- What to work on -
After locating the line with "点击购买即可,这套破蛋小黄鸡需要2400服饰币哦。", repeat it and every following line to the end of the listing, exactly. Omit the pictures.

- Data block -
■ ■ ■ ■ ■ ■ ■

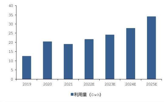 圖 中國動力電池梯次利用量預測
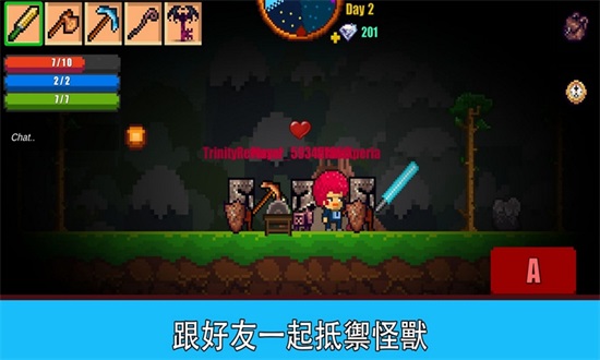 1、收集木头、各种矿石来打造各种东西,与其它的玩家一同联机玩,一同合作生存
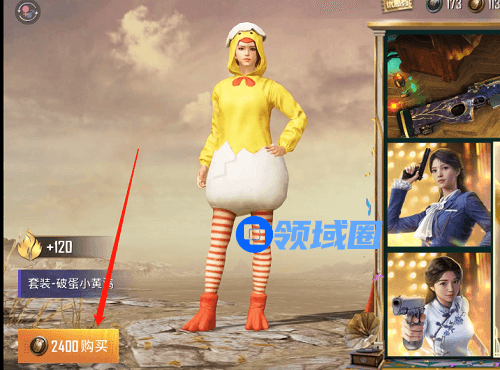 点击购买即可,这套破蛋小黄鸡需要2400服饰币哦。
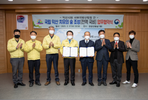 익산시청에서 열린 이날 협약식에는 조준규 서부지방산림청장과 정헌율 익산시장 등이 참석해 국립 익산치유의 숲의 성공적인 조성을 위한 실질적 업무협력과 지원에 공동 노력하기로 했다.

■ ■ ■ ■ ■ ■ ■

- Solution to this exercise -
 点击购买即可,这套破蛋小黄鸡需要2400服饰币哦。
 익산시청에서 열린 이날 협약식에는 조준규 서부지방산림청장과 정헌율 익산시장 등이 참석해 국립 익산치유의 숲의 성공적인 조성을 위한 실질적 업무협력과 지원에 공동 노력하기로 했다.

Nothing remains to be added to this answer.